▶ _Records from a data source_
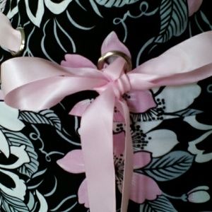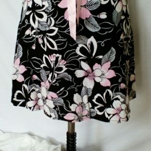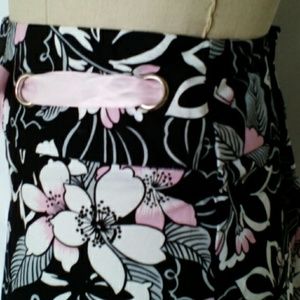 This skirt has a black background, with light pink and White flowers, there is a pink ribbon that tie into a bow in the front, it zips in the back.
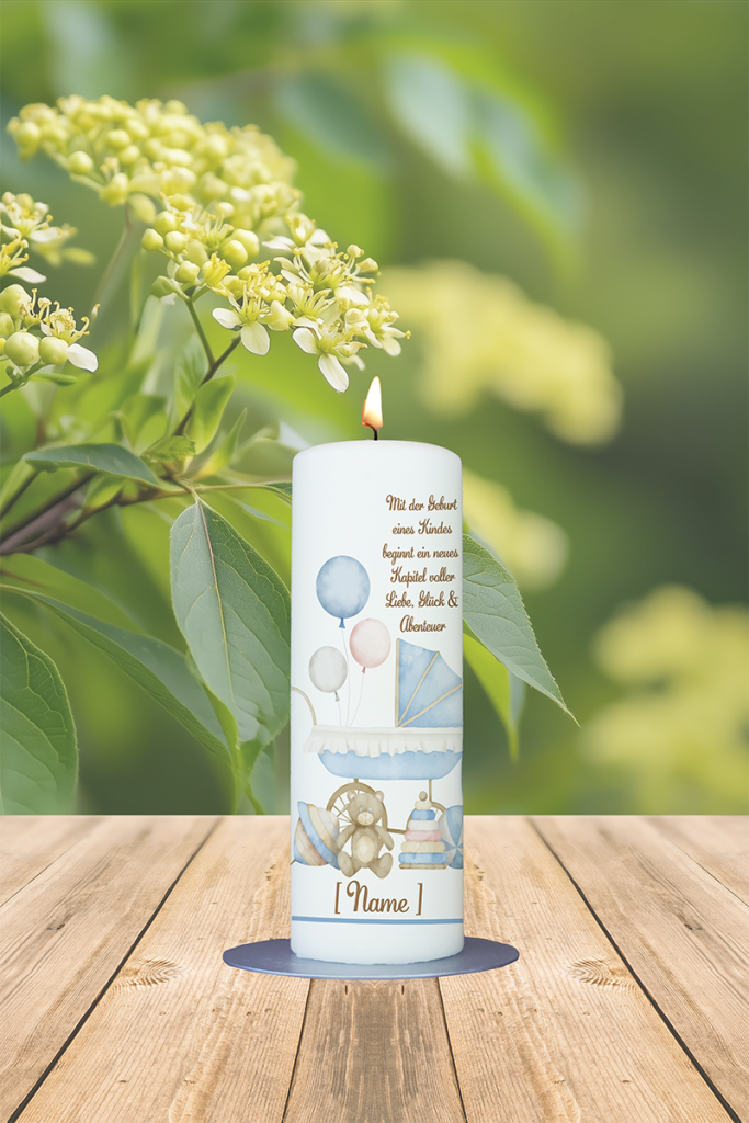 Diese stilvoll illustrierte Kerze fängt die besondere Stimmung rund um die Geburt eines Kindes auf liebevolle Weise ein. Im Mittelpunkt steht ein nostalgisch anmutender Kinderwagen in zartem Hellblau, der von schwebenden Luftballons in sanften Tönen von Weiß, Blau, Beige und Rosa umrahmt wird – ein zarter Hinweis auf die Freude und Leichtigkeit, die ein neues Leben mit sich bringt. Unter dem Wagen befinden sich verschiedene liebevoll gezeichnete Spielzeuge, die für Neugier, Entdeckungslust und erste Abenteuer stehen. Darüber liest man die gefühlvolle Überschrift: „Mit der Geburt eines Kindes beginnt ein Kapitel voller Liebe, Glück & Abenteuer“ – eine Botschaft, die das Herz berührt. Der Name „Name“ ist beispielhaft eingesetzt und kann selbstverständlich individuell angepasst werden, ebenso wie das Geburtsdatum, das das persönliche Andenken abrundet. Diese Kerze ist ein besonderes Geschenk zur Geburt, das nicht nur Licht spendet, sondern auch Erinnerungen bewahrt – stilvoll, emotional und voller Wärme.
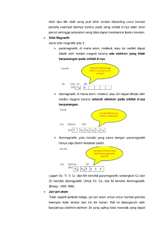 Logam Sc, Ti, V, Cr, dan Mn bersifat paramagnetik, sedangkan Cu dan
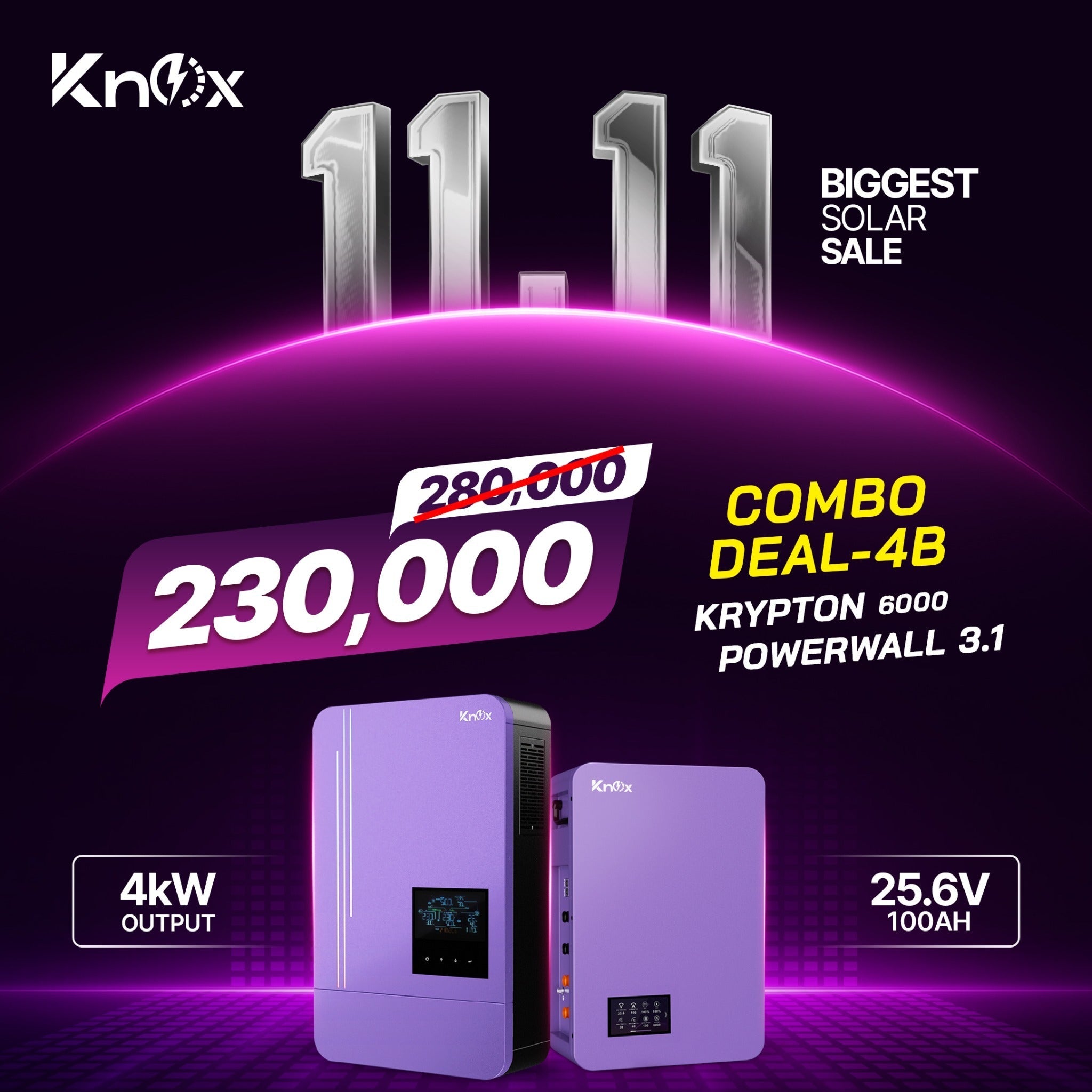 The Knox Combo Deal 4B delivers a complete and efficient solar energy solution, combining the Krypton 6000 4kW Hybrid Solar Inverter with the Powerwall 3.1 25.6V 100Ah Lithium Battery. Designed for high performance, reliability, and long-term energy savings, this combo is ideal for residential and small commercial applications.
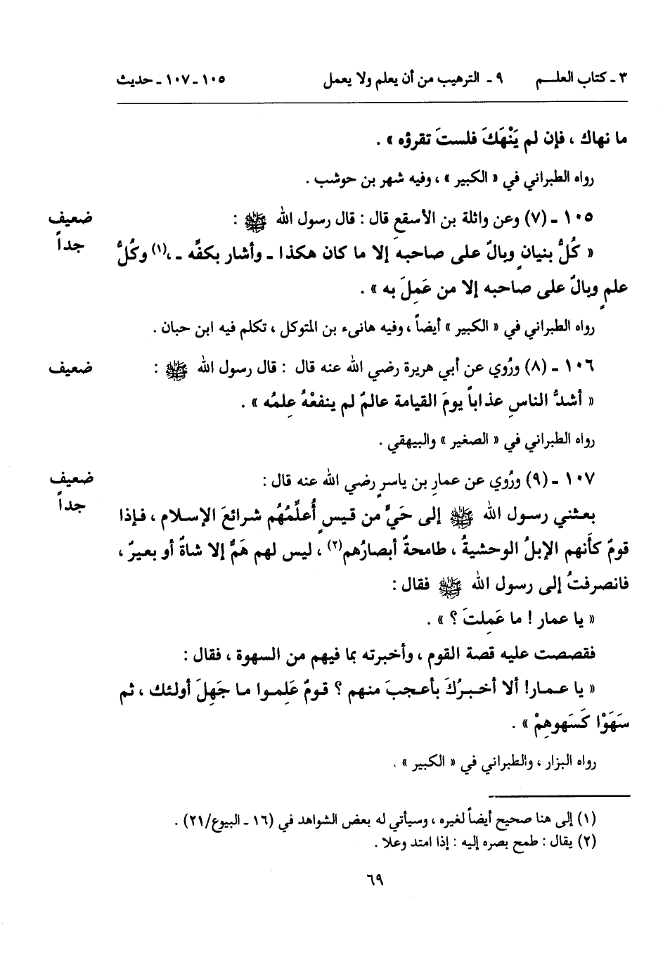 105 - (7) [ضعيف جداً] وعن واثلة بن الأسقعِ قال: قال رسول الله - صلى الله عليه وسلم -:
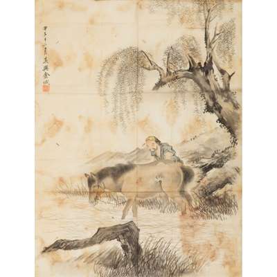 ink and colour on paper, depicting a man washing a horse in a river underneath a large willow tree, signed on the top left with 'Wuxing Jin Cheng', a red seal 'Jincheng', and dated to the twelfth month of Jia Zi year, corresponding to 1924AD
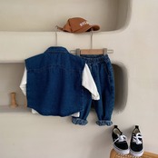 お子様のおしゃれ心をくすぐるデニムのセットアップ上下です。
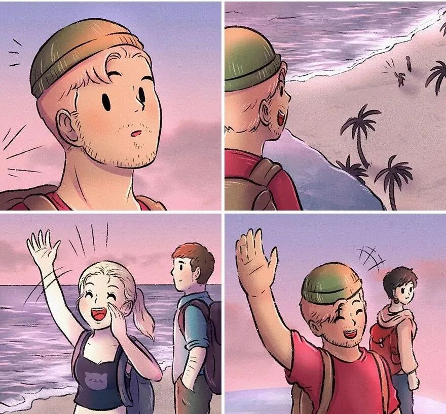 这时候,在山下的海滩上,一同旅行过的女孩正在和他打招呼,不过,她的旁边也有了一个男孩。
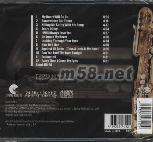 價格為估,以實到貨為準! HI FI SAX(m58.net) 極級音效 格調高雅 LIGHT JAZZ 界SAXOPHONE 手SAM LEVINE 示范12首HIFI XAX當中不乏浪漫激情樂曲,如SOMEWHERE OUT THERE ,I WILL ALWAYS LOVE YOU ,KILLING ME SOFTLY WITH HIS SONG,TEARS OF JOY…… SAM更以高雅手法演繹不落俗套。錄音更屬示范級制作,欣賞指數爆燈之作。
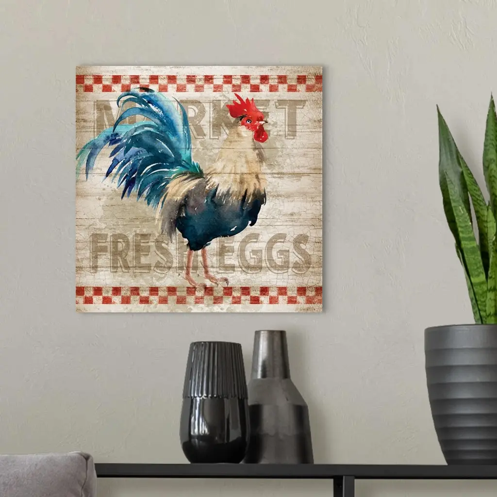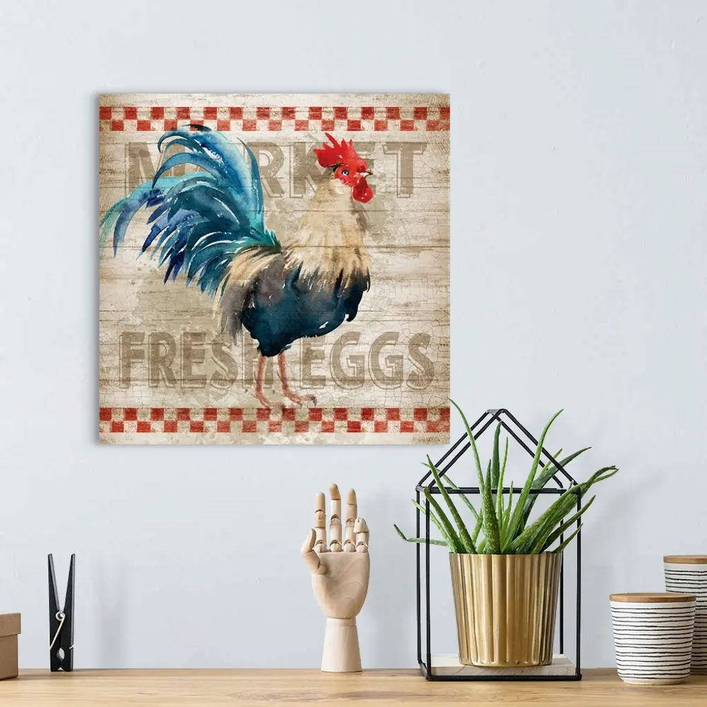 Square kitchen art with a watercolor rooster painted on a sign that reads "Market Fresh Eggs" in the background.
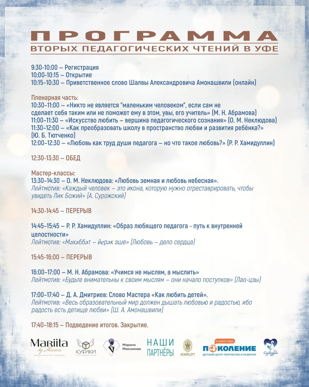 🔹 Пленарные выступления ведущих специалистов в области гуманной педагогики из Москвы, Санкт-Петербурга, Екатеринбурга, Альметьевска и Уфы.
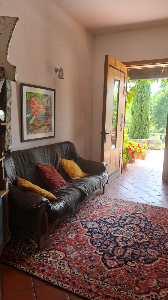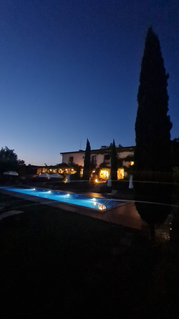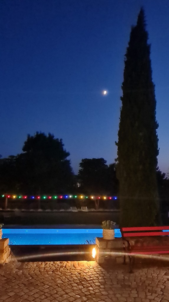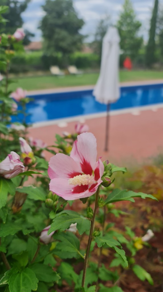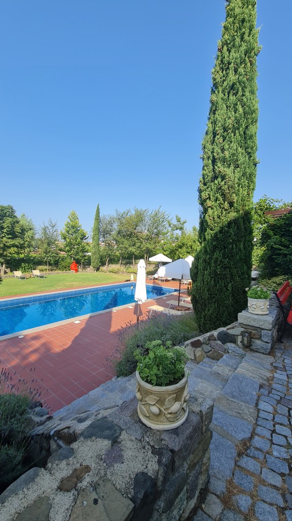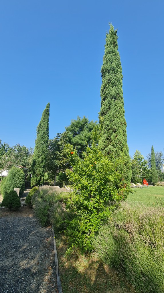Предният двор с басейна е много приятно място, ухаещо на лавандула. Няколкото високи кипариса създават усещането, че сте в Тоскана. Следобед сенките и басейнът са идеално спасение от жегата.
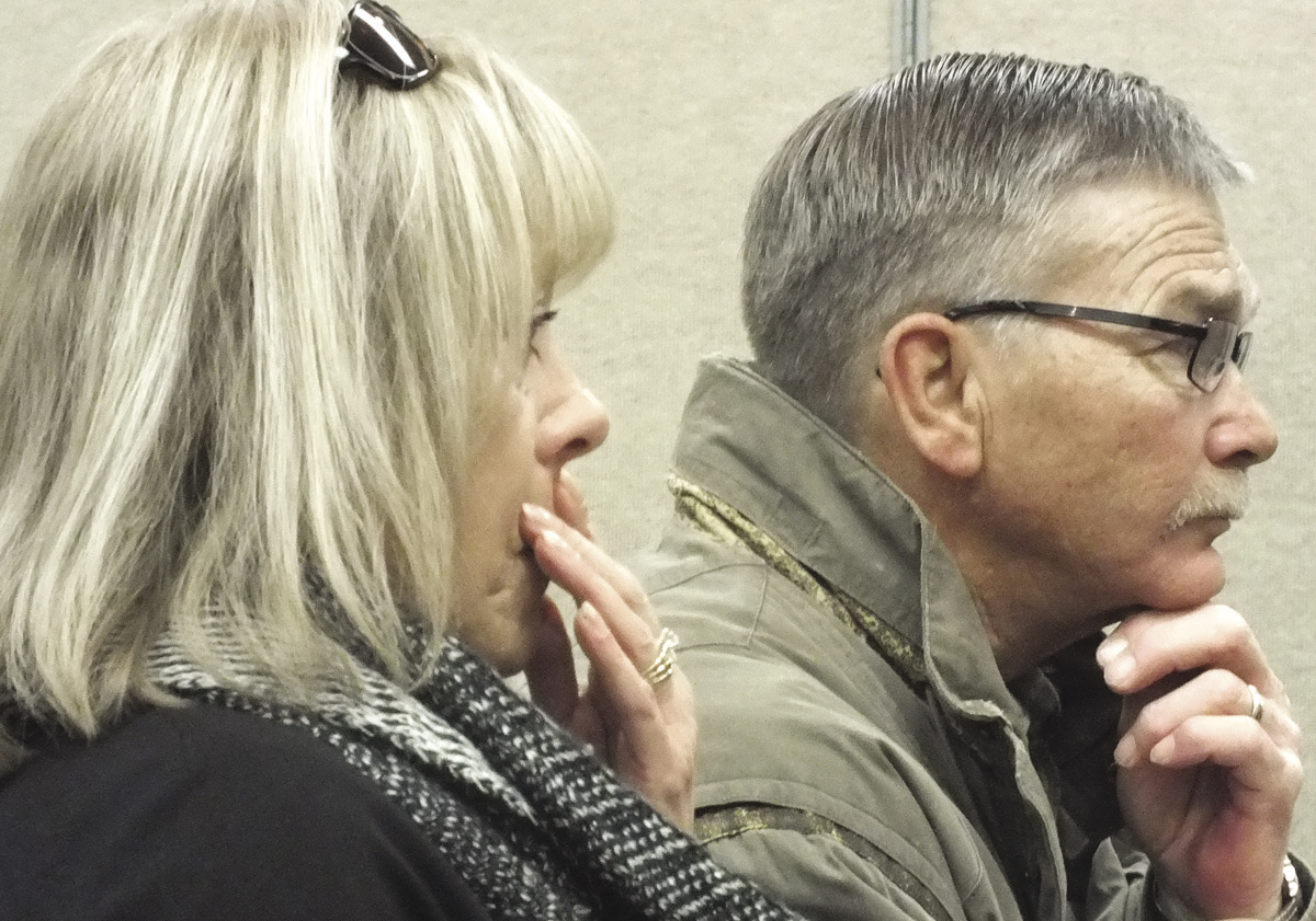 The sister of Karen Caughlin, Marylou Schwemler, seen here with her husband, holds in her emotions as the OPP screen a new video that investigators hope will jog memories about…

▶ _Task brief_
Copy the lines above between the one holding "The Knox Combo" and the one holding "Предният двор с", inclusive. Drop the pictures.

▶ _Reply_
 The Knox Combo Deal 4B delivers a complete and efficient solar energy solution, combining the Krypton 6000 4kW Hybrid Solar Inverter with the Powerwall 3.1 25.6V 100Ah Lithium Battery. Designed for high performance, reliability, and long-term energy savings, this combo is ideal for residential and small commercial applications.
 105 - (7) [ضعيف جداً] وعن واثلة بن الأسقعِ قال: قال رسول الله - صلى الله عليه وسلم -:
 ink and colour on paper, depicting a man washing a horse in a river underneath a large willow tree, signed on the top left with 'Wuxing Jin Cheng', a red seal 'Jincheng', and dated to the twelfth month of Jia Zi year, corresponding to 1924AD
 お子様のおしゃれ心をくすぐるデニムのセットアップ上下です。
 这时候,在山下的海滩上,一同旅行过的女孩正在和他打招呼,不过,她的旁边也有了一个男孩。
 價格為估,以實到貨為準! HI FI SAX(m58.net) 極級音效 格調高雅 LIGHT JAZZ 界SAXOPHONE 手SAM LEVINE 示范12首HIFI XAX當中不乏浪漫激情樂曲,如SOMEWHERE OUT THERE ,I WILL ALWAYS LOVE YOU ,KILLING ME SOFTLY WITH HIS SONG,TEARS OF JOY…… SAM更以高雅手法演繹不落俗套。錄音更屬示范級制作,欣賞指數爆燈之作。
 Square kitchen art with a watercolor rooster painted on a sign that reads "Market Fresh Eggs" in the background.
 🔹 Пленарные выступления ведущих специалистов в области гуманной педагогики из Москвы, Санкт-Петербурга, Екатеринбурга, Альметьевска и Уфы.
Предният двор с басейна е много приятно място, ухаещо на лавандула. Няколкото високи кипариса създават усещането, че сте в Тоскана. Следобед сенките и басейнът са идеално спасение от жегата.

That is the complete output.